The phone rang - it was
Loretta and Jack, her husband, inviting us to go
down to the Glass Window
further down the island, to look at the rage
conditions. The Glass Window
was originally a natural, narrow rock bridge
spanning the narrowest part of
Eleuthera, separating the Atlantic ocean on
the East side of the island,
from the calm, azure water on the West side.
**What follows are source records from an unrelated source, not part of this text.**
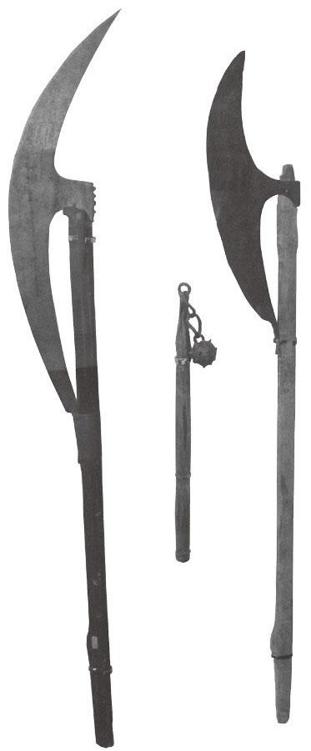 长柄刀、长戟和长柄斧均为欧洲的舶来品。长柄刀的外形类似于中国的青龙偃月刀:单刃刀身连接着一根长形木柄。一般而言,形状像斧头的刀身长18英寸(45厘米)左右,被固定在木柄(通常长2米左右)上。少数长柄刀的刀身背面是钩子状的,专门用于对付骑兵,这种长柄刀被称为“钩镰刀”。长柄刀可以兼作一支铁头木棒、一支短矛、一支斧形枪,或一支长戟,英国人西维尔认为它是长兵器中的王者。
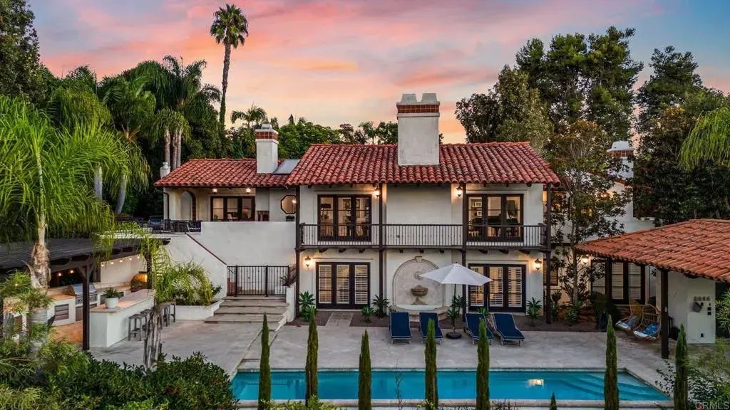 Rare Opportunity to Own in Fairbanks Ranch A Treasure of Luxury, Views & Timeless Charm! Step into a world of elegance and tranquility with this stunning Lillian Rice-inspired Spanish-style estate, perfectly positioned on a prime view lot in the prestigious North side of Fairbanks Ranch. Nestled at the end of a private cul-de-sac, this meticulously maintained 4-bedroom retreat offers the perfect blend of timeless charm and modern luxury. From the moment you enter the picturesque courtyard, youll be captivated by the homes warmth and sophisticationrich hardwood floors, soaring open-beam ceilings, and French doors that bathe the interiors in natural light. Every window and serene balcony frames breathtaking views, while multiple patios create seamless indoor-outdoor living. The thoughtfully designed layout offers ultimate comfort and versatility. The main level features a peaceful primary suite with a private patio, a secondary bedroom, and an elegant home office. Downstairs, two additional bedrooms and a spacious secondary family room open to the outdoor oasis, creating the perfect setup for hosting guests or enjoying quiet relaxation. Step outside to discover your own resort-style retreata sparkling pool and spa, tranquil fountains, and a loggia with a built-in shower set the stage for luxurious outdoor living. The built-in BBQ and pizza oven make entertaining effortless, while multiple alfresco dining areas invite you to savor the year-round Southern California sunshine. For wine enthusiasts, a climate-controlled wine cellar offers a touch of indulgence. Ideally located j
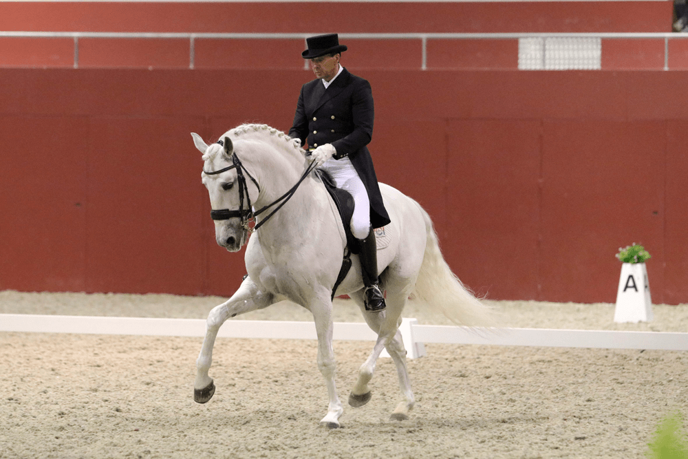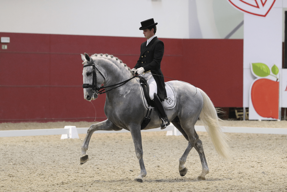 Nos cavalos 6 anos FEI o cavaleiro Hugo Pereira apresentou Gribaldi, alcançando (7.72%) no sábado e no domingo.
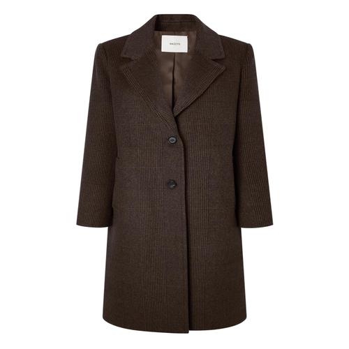 헤지스 여성 캐시미어 블렌디드 테일러드 싱글 체크 롱코트 브라운 (HSCO5D013W2)
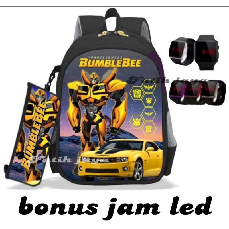 -model tas anak karakter bumblebee -bonus jam led -ada tempat pensil nya -bahan oke -ukuran 38x12x28 -gambar oke -desain mantap -anak pasti senang -yang pasti bikin percaya diri
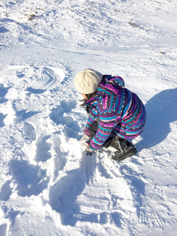 After lunch, we went back and played with the snow. It was snowing!😊
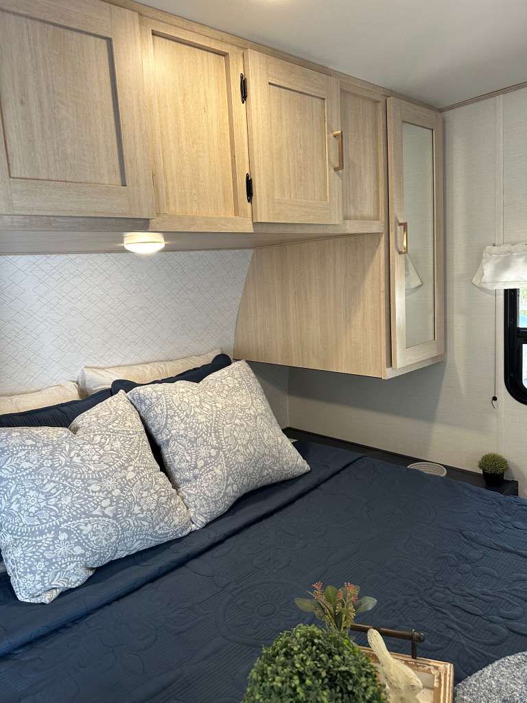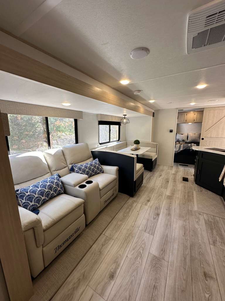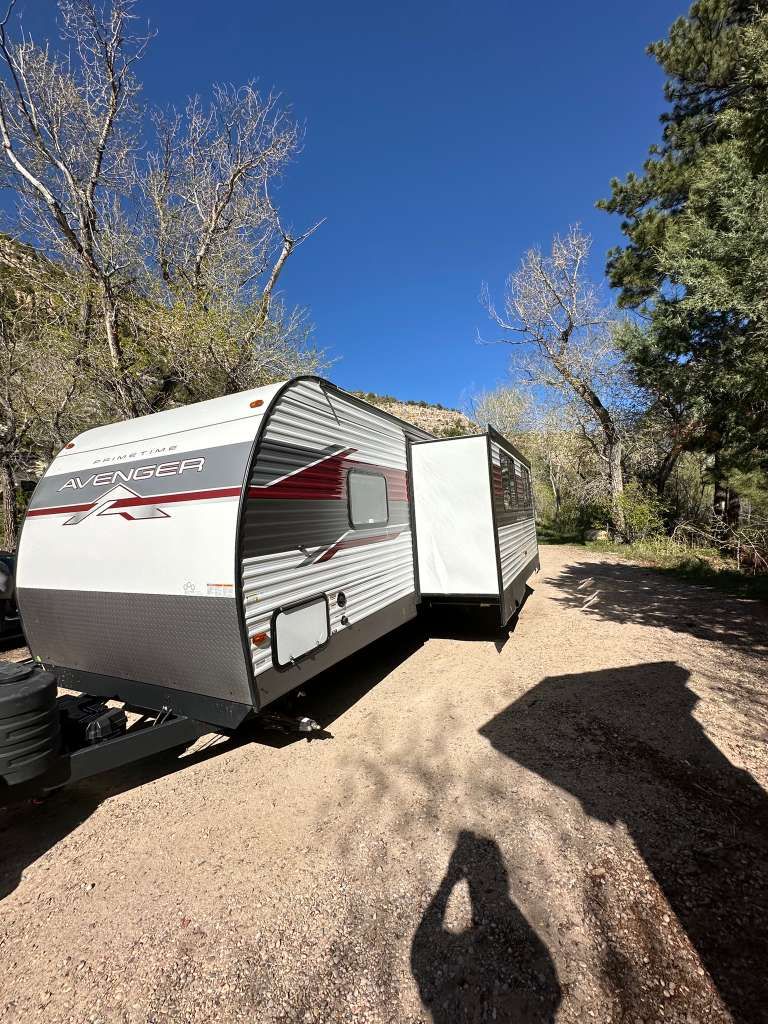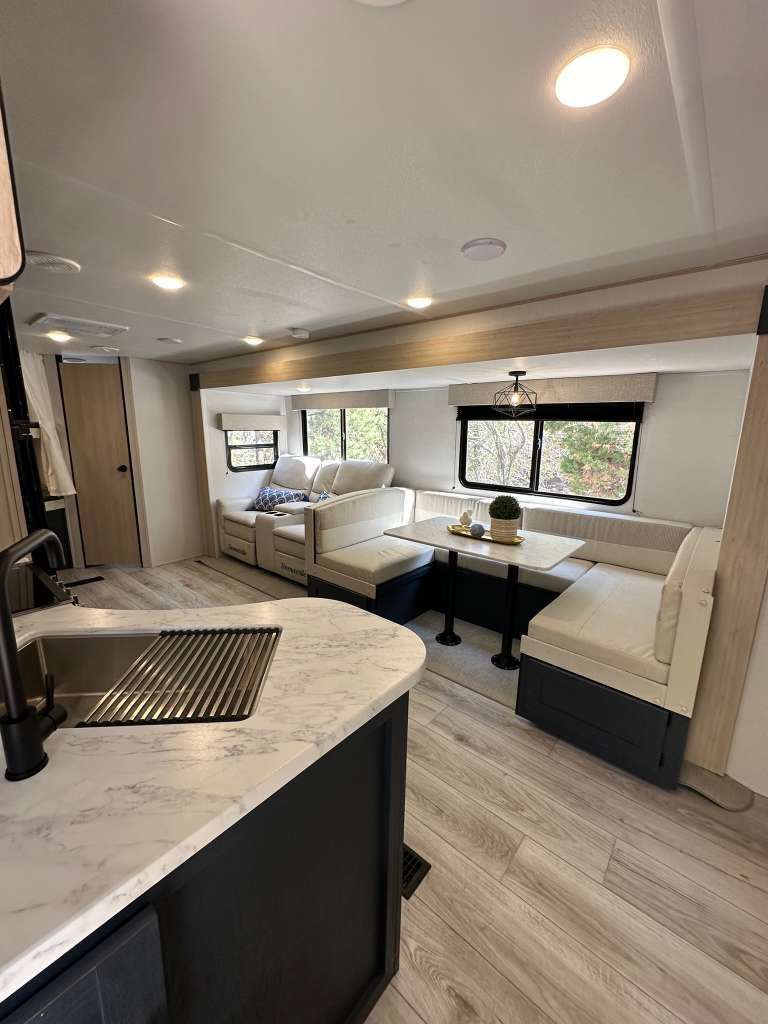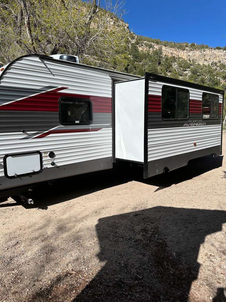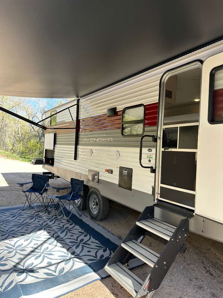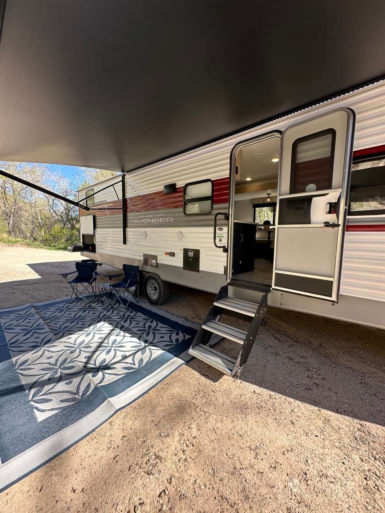 The 2024 Avenger 27DBS is the ultimate choice for family road trips or gatherings with friends. It can sleep up to 6 people comfortably as the dining table doubles as a queen. Stretch out in the spacious layout featuring a sizable slideout, ensuring everyone has their space. The 42-gallon fresh water tank means you can extend your trips without worrying about refills, making it an excellent option for boondocking in the great outdoors. Having double the Air Conditioning units makes even the hottest days cool. Plus, the cozy wood construction adds warmth to your camping experience. There is plenty of starage space for you to pack for all your camping needs. With a 16-foot awning, you’re all set for shaded afternoons in nature.

The massive open area beneath
the bridge (which is now man-made) forms the
"window" where one can look
through to the ocean. Several years ago, this
man-made steel-reinforced
concrete bridge was moved 8 ft. to the west during
a hurricane, and on the
day previous to our visit, it had been closed as
waves crashed over the top
of it and threatened any traffic trying to cross
it. Although they had
subsided, the waves were still spectacular, and after
a terrific birthday
lunch with Loretta and Jack, we managed to get
completely soaked by a 30 ft
wall of spume as we endeavored to get even more
dramatic pictures.
By
the time we got back to the boat that afternoon, news of the grounding of
S/V Rule 62 was circulating in the cruising newsgroups, and horrifically, of
the loss of a crew member from Atlanta, Laura Zekoll. The other three crew
miraculously managed to survive the ocean rage and the reef intact, and made
it to a beach where they were rescued and flown to a hospital. As small
details of the wreck were posted, I was mentally and emotionally transported
back to our own near disaster nearly 4 years ago.
When a tragedy like
this happens to a fellow cruiser, we are all reminded
once again of our
lives at sea, living on the edge. It doesn't have to be a
profoundly
dangerous lifestyle if you are cruising on small hops from port
to port,
with reliable weather information and a very conservative approach
to
passages. But most cruisers want to make the larger jumps - the several
hundred mile (and more) trips occasionally, in order to get from A to B,
even if we're not crossing the Atlantic or doing a circumnavigation. We can
get the best weather forecasts all day long; there can still be surprises we
simply can't foresee or avoid. How we react to those unexpected surprises,
which may be life threatening at the time, make all the difference to the
outcome. I know from experience how easy it is to make a bad decision based
on fatigue, or ignorance, or because you're incapacitated with seasickness,
or all three. And then sometimes, but rarely, there just isn't anything you
can do but hang on, hope and pray.
Rest In Peace, Laura.
This
afternoon, we're making one of those larger hops of 120 miles, which
will
mean an overnight sail for us, so I must get this log out and shift
into my
pre-passage mode of thinking and doing. I want to bake some bread
before we
leave, double check that everything on deck is tied down, latch
all the
cabinets.
I'll try to fill in the trips we made after Spanish Wells over
the next week
or so, and the wonderful people we met along the way who
invited us into
their home, cooked us a feast, and reinforced that there are
many who still
commit random acts of kindness.
Here are the pictures during the long, long
walk to Preacher's Cave and the Beach:
And here are the pictures from the
trip to the Glass Window:
I hope this finds you happy, healthy, and
enjoying the Holiday excitement.
Love, Lydia
S/V Flying Pig
Morgan
46 #2
"The only way to live is to have a dream green and growing in your life
- anything else is just existing and is a waste of breath."